Las tierras por las que Bravo y otras 70 familias esperan adjudicación son las que bordean la ciénaga El Cedral, no saben cuánto espacio es porque están a la espera de que Corpomojana realice la ronda hídrica y lo certifique.

“Yo llevo cinco años en esa tierra y todo ese tiempo he estado enfrentando amenazas. El mes pasado nos tiraron un panfleto en las comunidades Nueva Estrella y Nueva Fe, y eso también lo denunciamos. Eran amenazas de la ‘Águilas negras’ decía el documento”.

Pedro Antonio Bravo sostiene que no tienen ninguna seguridad y que hoy están a merced de las amenazas y el estigma de invasores.

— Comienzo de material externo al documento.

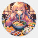 Pegatina Redonda Chica de anime lindo comiendo Ramen y suhi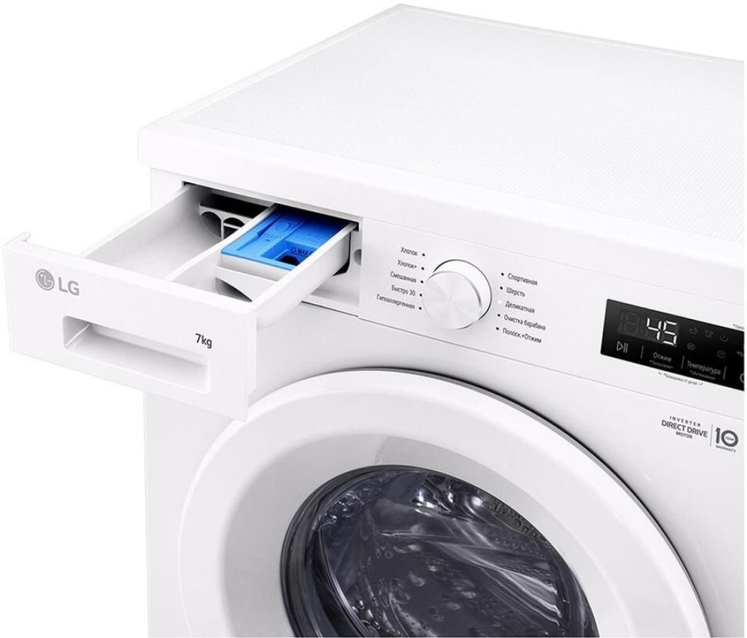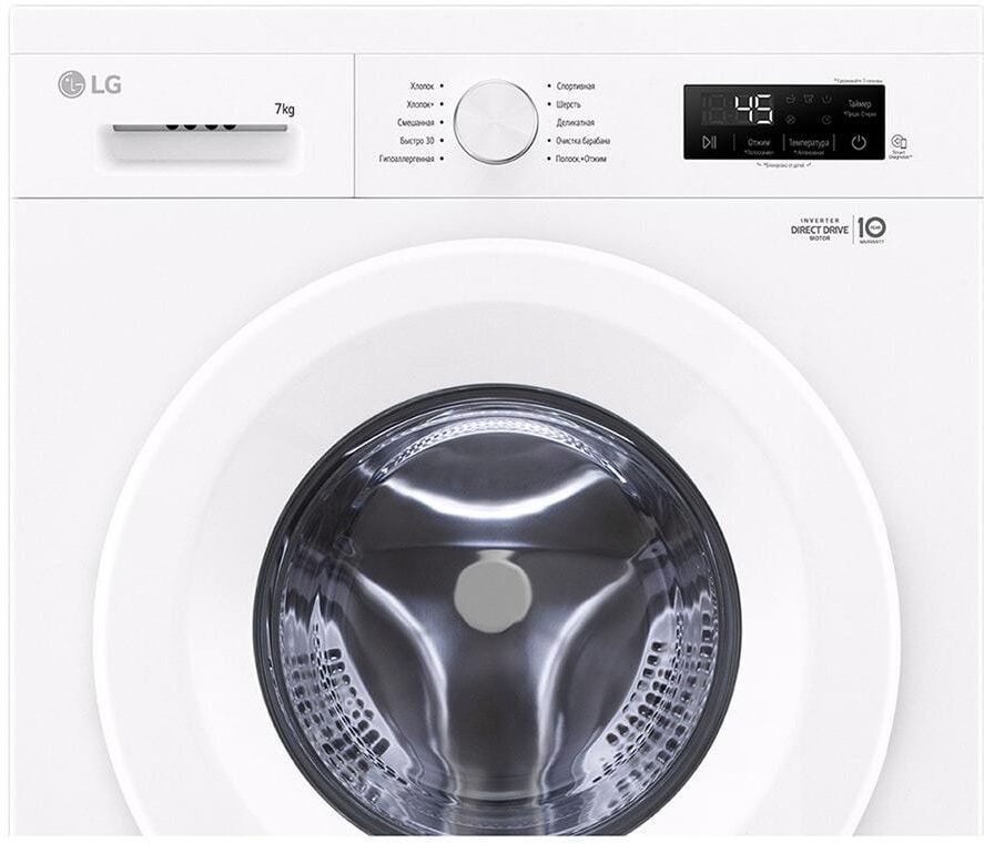 Габариты (ШxВxГ): 600 x 850 x 440. Максимальная скорость отжима: 1200. Загрузка: 7 кг. Цвет корпуса: Белый. Цвет панели: Белый. Цвет двери: Белый. Основные функции: Инверторный мотор с прямым приводом Inverter Direct Drive. Функция пара Steam. Функция очистки барабана. Уникальные программы: Гипоаллергенная, Быстро 30, Смешанная, Хлопок +, Деликатная, Спортивная, Очистка барабана

En esto último coincide Fidian Cárdenas Alemán, otro campesino de 43 años nativo de Nueva Estrella, en Caimito, que espera por la adjudicación de la tierra de Guartinaja, El Pimiento, que le pertenece a San Benito.

Su temor se incrementó con el atentado a su amigo Hernando Benítez, quien teniendo protección de la Unidad Nacional fue objeto de un intento de homicidio que desde entonces lo mantiene refugiado en un lugar desconocido.

“Lo ocurrido con ‘Nando’ nos enciende las alarmas a nosotros porque su debate es el mismo, la lucha por la tierra del Estado”, dice este campesino no sin antes advertir que quien tiene la potestad para ponerle punto final a este conflicto es la Agencia Nacional de Tierras que debe hacer esos deslindes rápidos.

“Nosotros no somos invasores, estamos es reclamando la tierra que le pertenece al campesino que es pobre y que es subsidiado por el Estado”, puntualizó  Bravo.